Mathema Vivek Bhakta, Sen Partho, Lamichhane Santosh, Orešič Matej, Khoomrung Sakda
Metabolomics and Systems Biology, Department of Biochemistry, Faculty of Medicine Siriraj Hospital, Mahidol University, Bangkok 10700, Thailand.
Siriraj Metabolomics and Phenomics Center, Faculty of Medicine Siriraj Hospital, Mahidol University, Bangkok 10700, Thailand.
Comput Struct Biotechnol J. 2023 Jan 31;21:1372-1382. doi: 10.1016/j.csbj.2023.01.043. eCollection 2023.
Cancer progression is linked to gene-environment interactions that alter cellular homeostasis. The use of biomarkers as early indicators of disease manifestation and progression can substantially improve diagnosis and treatment. Large omics datasets generated by high-throughput profiling technologies, such as microarrays, RNA sequencing, whole-genome shotgun sequencing, nuclear magnetic resonance, and mass spectrometry, have enabled data-driven biomarker discoveries. The identification of differentially expressed traits as molecular markers has traditionally relied on statistical techniques that are often limited to linear parametric modeling. The heterogeneity, epigenetic changes, and high degree of polymorphism observed in oncogenes demand biomarker-assisted personalized medication schemes. Deep learning (DL), a major subunit of machine learning (ML), has been increasingly utilized in recent years to investigate various diseases. The combination of ML/DL approaches for performance optimization across multi-omics datasets produces robust ensemble-learning prediction models, which are becoming useful in precision medicine. This review focuses on the recent development of ML/DL methods to provide integrative solutions in discovering cancer-related biomarkers, and their utilization in precision medicine.
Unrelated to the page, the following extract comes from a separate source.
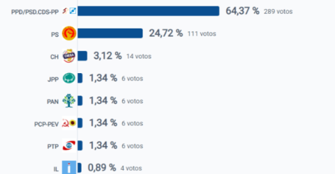 O Chega volta a ocupar a terceira posição, seguido do JPP e PAN.

癌症进展与改变细胞稳态的基因-环境相互作用相关。使用生物标志物作为疾病表现和进展的早期指标可以显著改善诊断和治疗。通过高通量分析技术生成的大型组学数据集,如微阵列、RNA测序、全基因组鸟枪法测序、核磁共振和质谱,已经实现了数据驱动的生物标志物发现。传统上,将差异表达特征鉴定为分子标志物依赖于统计技术,而这些技术通常仅限于线性参数建模。癌基因中观察到的异质性、表观遗传变化和高度多态性需要生物标志物辅助的个性化用药方案。深度学习(DL)是机器学习(ML)的一个主要子领域,近年来越来越多地用于研究各种疾病。将ML/DL方法结合起来以优化跨多组学数据集的性能,产生了强大的集成学习预测模型,这些模型在精准医学中变得越来越有用。本综述重点关注ML/DL方法的最新发展,以提供发现癌症相关生物标志物的综合解决方案,以及它们在精准医学中的应用。